= Task =
Print the line containing "Ce vendredi à" and all lines after it, unchanged, through the end of the data. Leave the pictures out.
──────── Supplied material ────────
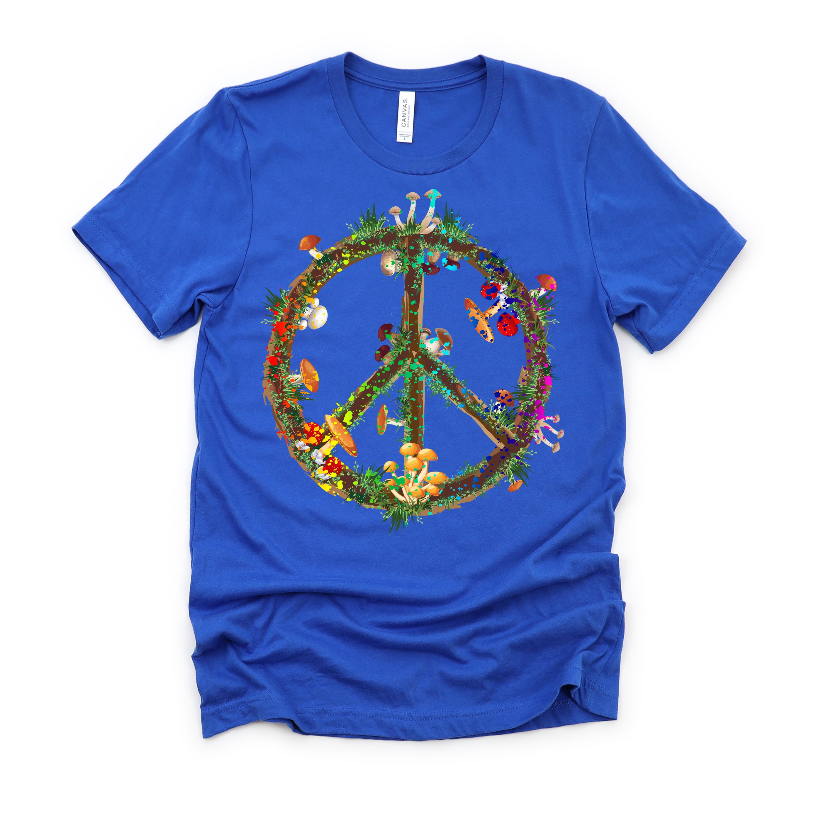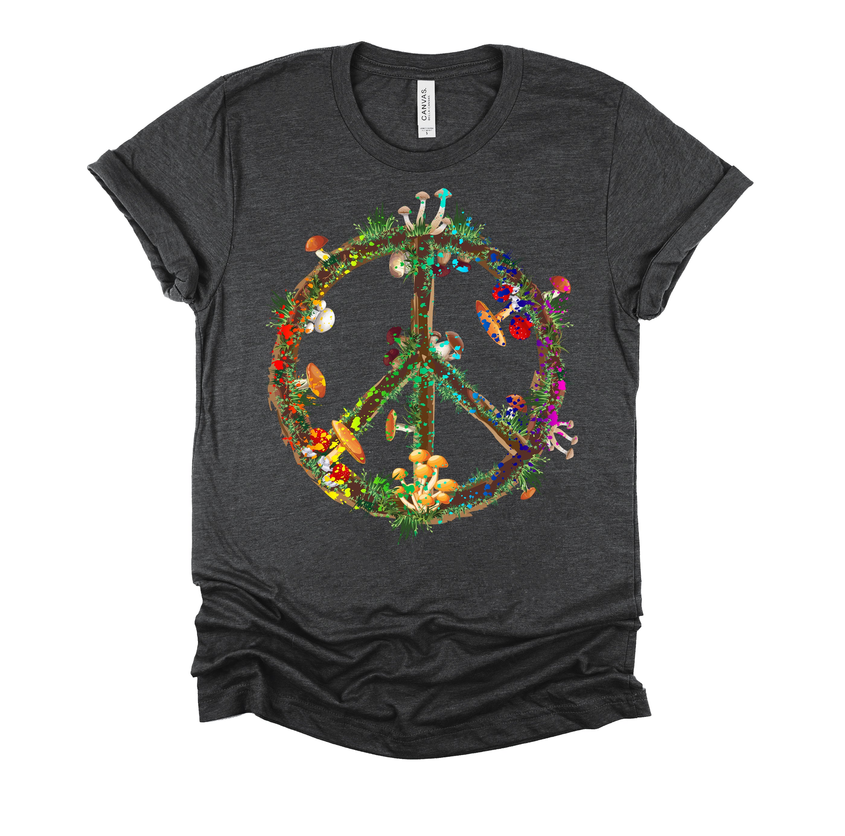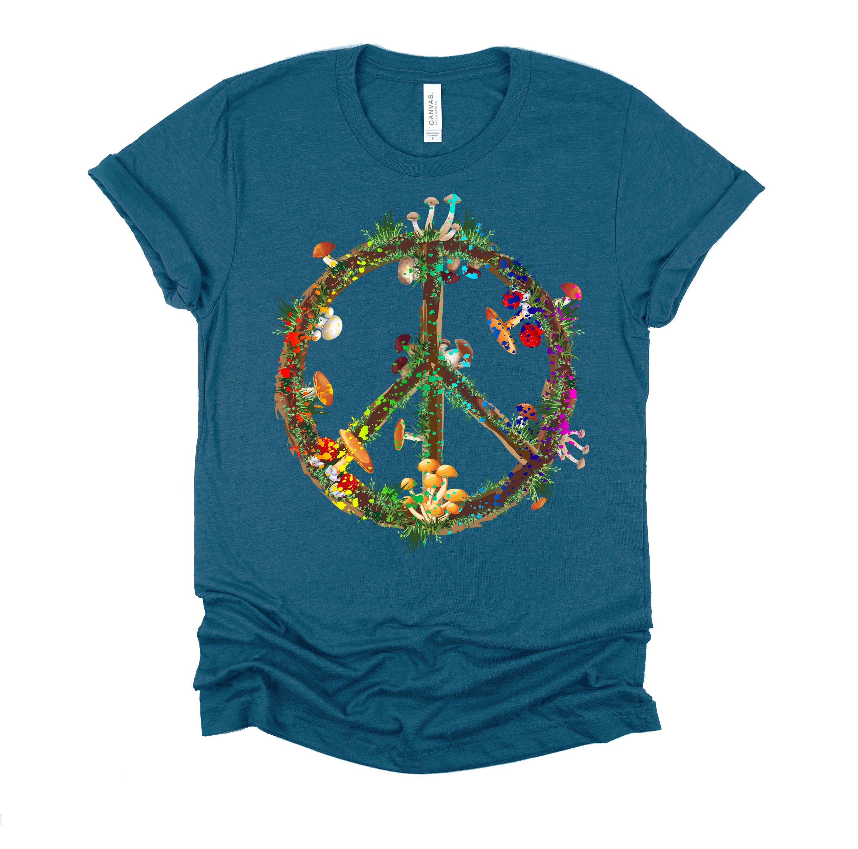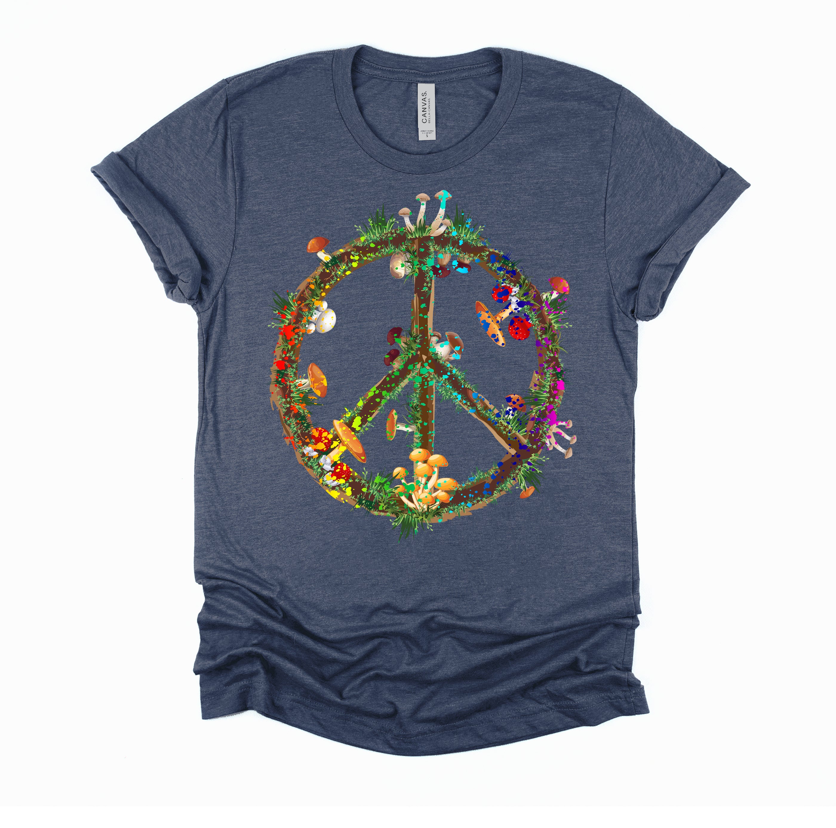 - If you're feeling extra groovy and crazy , get this magical mushroom peace sign graphic design . It's an instant throwback to the carefree decade of the 60s and 70s when drugs , rock and roll and free love ruled.
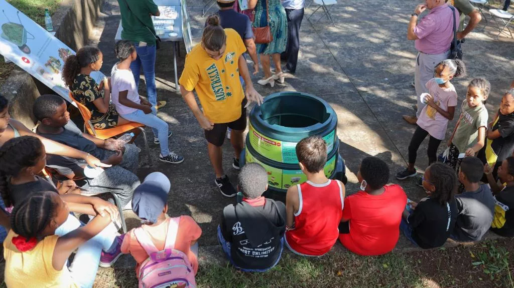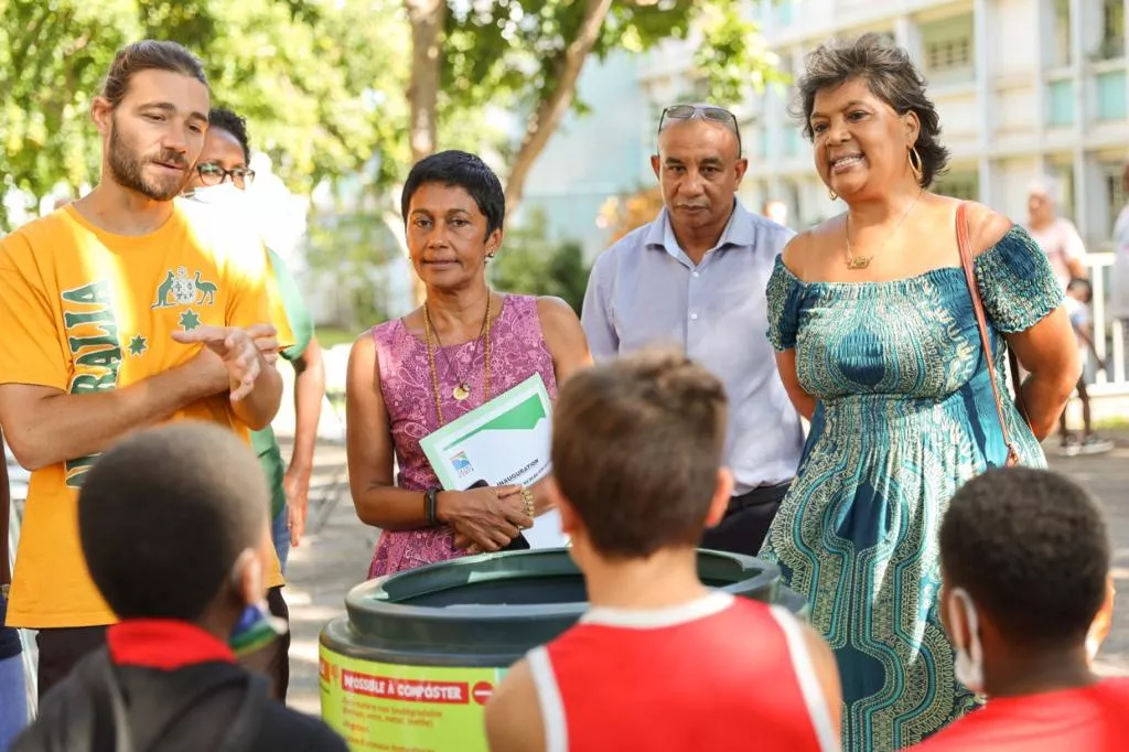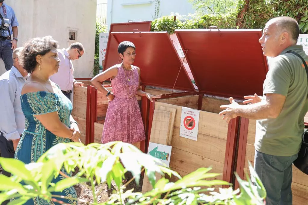 Ce vendredi à 9 heures, à l’occasion de l’opération « Tous au compost », portée par le Réseau Compost Citoyen Réunion, la Maire, Ericka Bareigts, Jean-Alexandre Poleya, élu délégué à la ville plantée et Thierry Ouillon, directeur général de la SIDR ont inauguré le premier compost collectif, mis en place par l’association Jardin Lakour, au sein de la résidence Jules Ferry.
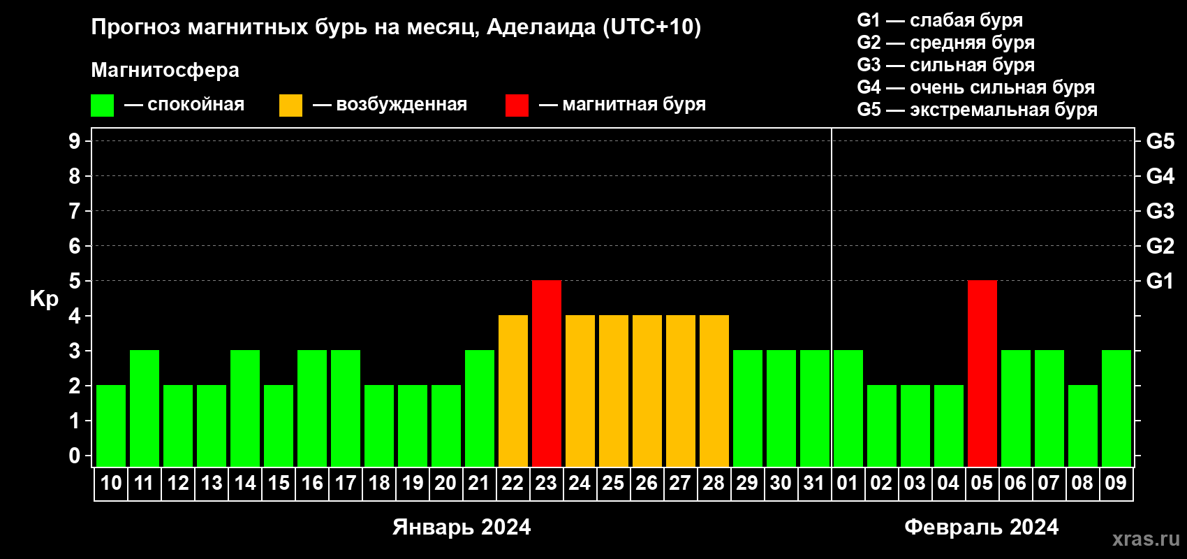 Прогноз магнитных бурь в Аделаиде — 10 января 2024 года
────────
= Solution to this problem =
 Ce vendredi à 9 heures, à l’occasion de l’opération « Tous au compost », portée par le Réseau Compost Citoyen Réunion, la Maire, Ericka Bareigts, Jean-Alexandre Poleya, élu délégué à la ville plantée et Thierry Ouillon, directeur général de la SIDR ont inauguré le premier compost collectif, mis en place par l’association Jardin Lakour, au sein de la résidence Jules Ferry.
 Прогноз магнитных бурь в Аделаиде — 10 января 2024 года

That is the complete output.